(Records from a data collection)
########################################
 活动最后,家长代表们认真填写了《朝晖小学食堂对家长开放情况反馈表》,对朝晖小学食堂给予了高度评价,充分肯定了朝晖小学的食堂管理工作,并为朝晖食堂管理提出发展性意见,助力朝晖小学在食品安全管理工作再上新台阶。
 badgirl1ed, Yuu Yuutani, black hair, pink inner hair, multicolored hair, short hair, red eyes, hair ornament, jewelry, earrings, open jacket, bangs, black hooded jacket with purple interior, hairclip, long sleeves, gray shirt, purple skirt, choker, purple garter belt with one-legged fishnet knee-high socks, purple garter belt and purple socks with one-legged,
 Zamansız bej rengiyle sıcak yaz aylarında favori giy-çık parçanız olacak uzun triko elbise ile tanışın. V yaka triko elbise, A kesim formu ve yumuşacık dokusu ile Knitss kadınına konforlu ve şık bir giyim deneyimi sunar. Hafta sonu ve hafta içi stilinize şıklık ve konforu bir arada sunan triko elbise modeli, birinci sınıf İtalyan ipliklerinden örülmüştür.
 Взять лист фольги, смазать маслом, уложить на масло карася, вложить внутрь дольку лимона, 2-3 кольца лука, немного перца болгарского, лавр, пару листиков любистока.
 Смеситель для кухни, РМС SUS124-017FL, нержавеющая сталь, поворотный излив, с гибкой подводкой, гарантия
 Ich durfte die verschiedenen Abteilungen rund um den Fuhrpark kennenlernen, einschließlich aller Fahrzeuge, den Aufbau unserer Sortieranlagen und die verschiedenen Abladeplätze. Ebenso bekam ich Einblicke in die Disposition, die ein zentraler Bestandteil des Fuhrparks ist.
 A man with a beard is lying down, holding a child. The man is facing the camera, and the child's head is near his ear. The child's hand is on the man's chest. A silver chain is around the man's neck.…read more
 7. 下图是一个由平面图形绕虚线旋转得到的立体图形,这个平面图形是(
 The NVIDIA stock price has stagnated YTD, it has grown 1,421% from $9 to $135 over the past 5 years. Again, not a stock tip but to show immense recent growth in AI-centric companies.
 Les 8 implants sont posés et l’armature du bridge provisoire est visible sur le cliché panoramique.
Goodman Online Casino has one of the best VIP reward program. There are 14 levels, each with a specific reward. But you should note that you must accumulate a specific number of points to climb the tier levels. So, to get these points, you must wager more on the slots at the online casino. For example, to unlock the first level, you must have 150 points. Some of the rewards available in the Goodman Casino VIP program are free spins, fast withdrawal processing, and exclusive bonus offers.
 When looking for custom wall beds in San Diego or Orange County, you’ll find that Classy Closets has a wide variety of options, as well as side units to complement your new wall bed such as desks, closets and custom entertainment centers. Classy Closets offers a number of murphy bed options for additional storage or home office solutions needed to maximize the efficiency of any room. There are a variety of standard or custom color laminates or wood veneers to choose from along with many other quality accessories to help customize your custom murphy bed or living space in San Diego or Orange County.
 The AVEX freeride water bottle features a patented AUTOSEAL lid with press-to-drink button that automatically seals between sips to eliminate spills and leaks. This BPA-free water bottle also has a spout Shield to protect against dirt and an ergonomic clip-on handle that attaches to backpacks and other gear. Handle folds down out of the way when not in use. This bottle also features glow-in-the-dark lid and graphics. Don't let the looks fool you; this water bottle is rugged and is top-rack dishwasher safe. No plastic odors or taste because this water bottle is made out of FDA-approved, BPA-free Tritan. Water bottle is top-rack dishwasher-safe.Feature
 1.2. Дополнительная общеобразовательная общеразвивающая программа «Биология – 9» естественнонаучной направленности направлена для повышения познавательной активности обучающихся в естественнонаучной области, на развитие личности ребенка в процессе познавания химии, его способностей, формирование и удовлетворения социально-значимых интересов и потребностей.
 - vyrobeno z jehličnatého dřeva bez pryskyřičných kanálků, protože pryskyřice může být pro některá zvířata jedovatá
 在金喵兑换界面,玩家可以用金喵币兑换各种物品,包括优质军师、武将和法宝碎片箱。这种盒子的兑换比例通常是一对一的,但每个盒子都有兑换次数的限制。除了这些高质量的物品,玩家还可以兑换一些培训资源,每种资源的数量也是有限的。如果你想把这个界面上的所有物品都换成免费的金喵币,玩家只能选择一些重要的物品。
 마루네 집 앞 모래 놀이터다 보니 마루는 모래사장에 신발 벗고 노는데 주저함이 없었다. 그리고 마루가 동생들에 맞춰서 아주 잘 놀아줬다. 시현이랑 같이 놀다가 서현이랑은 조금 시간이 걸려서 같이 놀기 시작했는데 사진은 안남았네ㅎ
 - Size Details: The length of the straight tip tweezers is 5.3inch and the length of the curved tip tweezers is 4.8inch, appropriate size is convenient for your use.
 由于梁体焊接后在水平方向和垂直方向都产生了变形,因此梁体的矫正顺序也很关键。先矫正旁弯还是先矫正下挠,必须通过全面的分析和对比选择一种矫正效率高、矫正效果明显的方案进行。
########################################
# What is expected:
Start at the first line of the entries and stop at the line with "badgirl1ed, Yuu Yuutani, black". Retype each of those lines exactly, both ends included.

# Exercise answer:
 活动最后,家长代表们认真填写了《朝晖小学食堂对家长开放情况反馈表》,对朝晖小学食堂给予了高度评价,充分肯定了朝晖小学的食堂管理工作,并为朝晖食堂管理提出发展性意见,助力朝晖小学在食品安全管理工作再上新台阶。
 badgirl1ed, Yuu Yuutani, black hair, pink inner hair, multicolored hair, short hair, red eyes, hair ornament, jewelry, earrings, open jacket, bangs, black hooded jacket with purple interior, hairclip, long sleeves, gray shirt, purple skirt, choker, purple garter belt with one-legged fishnet knee-high socks, purple garter belt and purple socks with one-legged,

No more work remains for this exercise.